Assignment Two: Exercise 2.2: Focus on embellishment and risk taking in experimentation. Soft Edges

Exercise 2.2 – Soft Edges

I wanted to do something a little more unusual with this technique.  The basic understanding of it is seen detailed within my techniques folder.  It is quite an open subject, thus I can really tailor it to the theme of my work at this stage.  I once again used my previous drawing work to inspire me.  Obviously fabric is generally used in stitch.  However, what about other mediums, such as paper?  What about a handmade paper base?  Handmade paper makes a strong fabric like structure in some cases, thus I can see this working.  It can also be torn to suit the shape of the project.

I could combine this method with other fabric parts, thus creating a mixed media piece…..

I used my sewing machine, along with a dark drew thread to stitch the parts on.  See how no edge binding is seen, so neatening.  The parts have been stitched to secure and give shape.

Above.  Once I had secured the pieces on my machine I wondered if I could finish it, add something extra?  The handmade paper has a light texture and petals trapped inside.  But it is more or less one colour.  I used my Koh-I-Noor dyes to colour facial detail, add shadows etc.

What do I think?

–          This is obviously just one attempt at a varied technique.  However this one experiment has worked well.  I think the personalisation of the piece makes it personal, yet still experimental.  The shaping of the paper to make it look like a face, along with the painting of the paper, both merge well together…..

I scanned it into the computer to show a flattened version of it.  I really like the neck area with the painted parts.  They give shadow by using a blue and lilac colour dabbed in with the facial tones.

Given the chance this is a technique that I can imagine developing.  The materials chosen to applique with a soft edge are all quite personal.  The cheek is a shirt of my own, while the eye area is a brown paper bag from the shop “Lush”.

The actual handmade paper gives a lovely crepe feel, like skin?  It’s not perfect, the paper has character like a real human face.  Imagine this distressed, folded, manipulated?

One artist who I feel relates to this section….

Rhiannon Williams

A young graduate, Rhiannon Williams’s work has the process of hand stitching at the heart of her powerful and distinctive practice.

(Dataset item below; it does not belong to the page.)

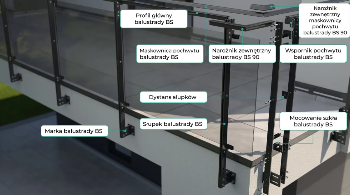 Przeznaczenie: stanowi jeden z głównych elementów nośnych systemu balustrad słupkowych.

Her latest work pays homage to her Welsh roots and “homesickness for a place to which you cannot return, a home which maybe never was…”.

I saw her work in Julia Triston’s book Contemporary applique.  It was the links with applique and collage which interested me. 

Within her MA work, she experimented with embroidery and print on clothing.  See this jacket above.  Could the idea of print and embellishment on clothing be something I look into in the future?

In the piece third in above, hard and soft edges are seen.  The skull with hard and the bird on top has the frayed edge which comes with soft edges.

What can I take from this artist? 

 As she has not been a practicing artist long, her style changes and is experimented with.  Look at the hexagonal printed piece above.  A very clever idea.  Will I play with text in my own work?  If I did, I think the main things I would focus on, are the self-penned poems, as these connect with my textile work and are often a point of inspiration.